**What is needed:** Begin at the line holding "In monitorul oficial" and set down exactly each line through the last one below, omitting pictures. Include nothing else.
Data provided Start Marker
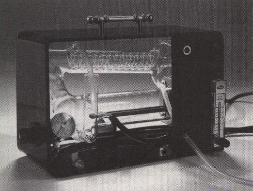 The compact Rain CrystalTM, no larger than most automatic coffee makers, arrives completely assembled in its PlexiglasR case, Automatic and portable, the Rain CrystalTM is easy to use. Simply plug it into a standard outlet, attach it to a water faucet by means of the quick-fit coupling provided, set the medical-quality flowmeter, and walk away with the assurance that the purest of water is being automatically produced at a fraction of the cost of bottled water. Should the water pressure fail, the Burnout Protection Switch eliminates malfunction.
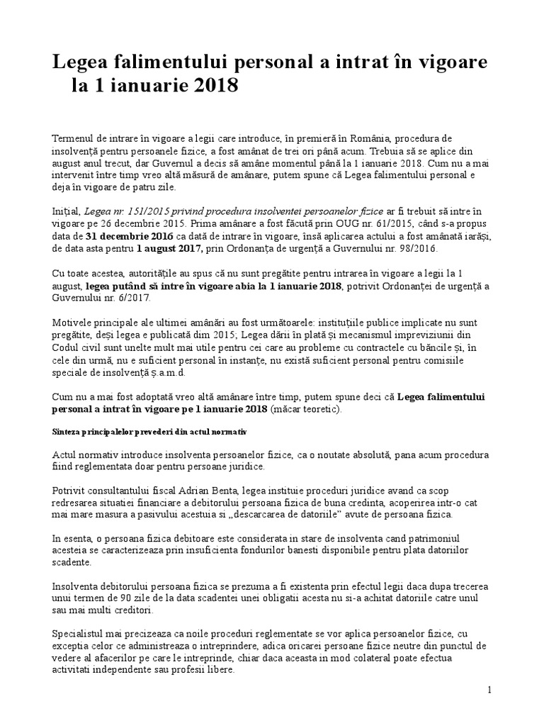 In monitorul oficial din 26 iunie a c. Capitolul i dispozitii generale scopul legii art. Legea insolventei persoanelor fizice 2016 legea insolventei persoanelor fizice nu se mai amana pana anul viitor decizia luata de deputatii juristi comisia juridica din cadrul camerei deputatilor a respins marti propunerea guvernului de a amana aplicarea legii insolventei persoanelor fizice pana la 1 ianuarie 2017. 151 din 18 iunie 2015 privind procedura insolvenţei persoanelor fizice publicată în.
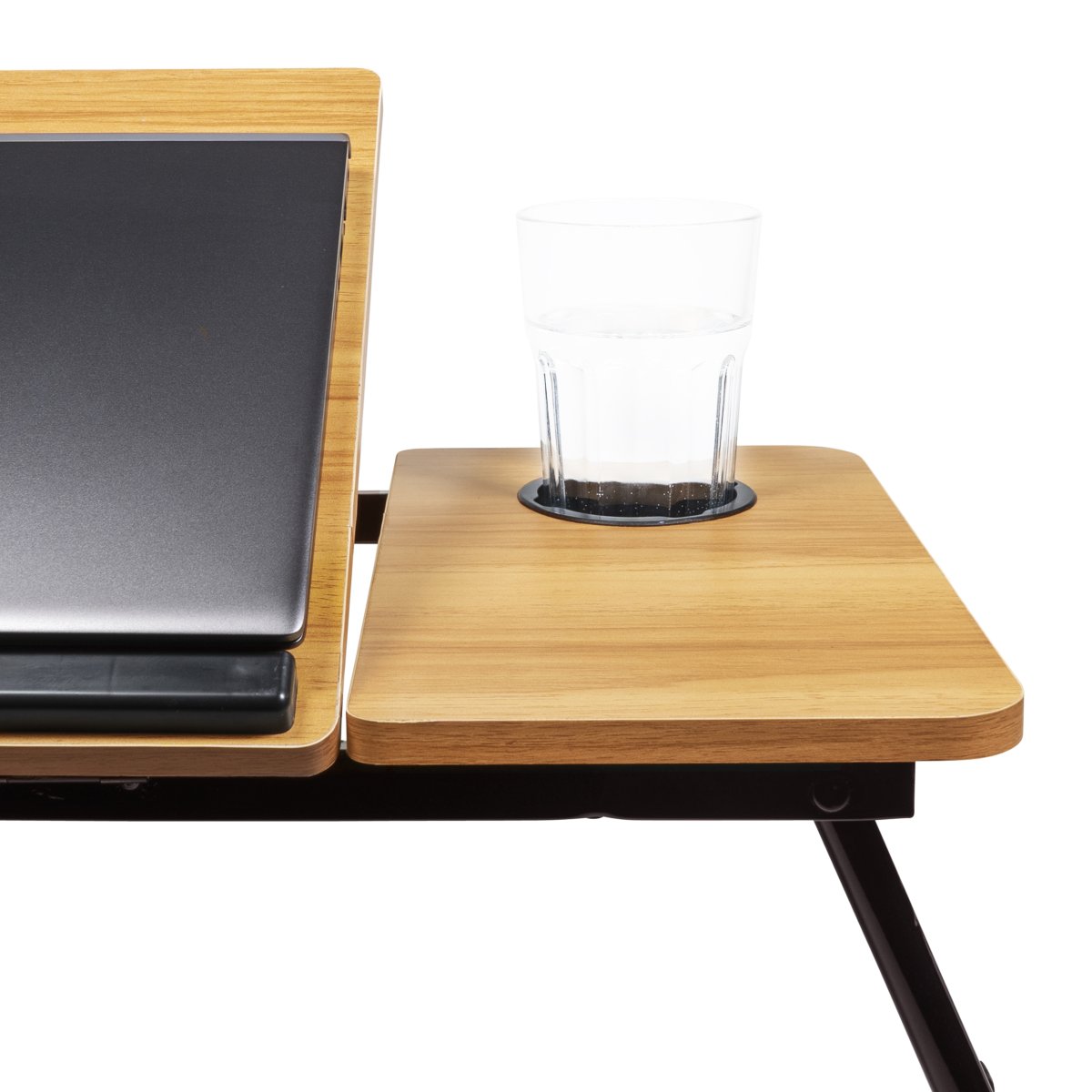 QUVIO Bedtafel met bekerhouder – Verstelbaar – Bruin
Data provided End Marker
**Worked solution:**
 In monitorul oficial din 26 iunie a c. Capitolul i dispozitii generale scopul legii art. Legea insolventei persoanelor fizice 2016 legea insolventei persoanelor fizice nu se mai amana pana anul viitor decizia luata de deputatii juristi comisia juridica din cadrul camerei deputatilor a respins marti propunerea guvernului de a amana aplicarea legii insolventei persoanelor fizice pana la 1 ianuarie 2017. 151 din 18 iunie 2015 privind procedura insolvenţei persoanelor fizice publicată în.
 QUVIO Bedtafel met bekerhouder – Verstelbaar – Bruin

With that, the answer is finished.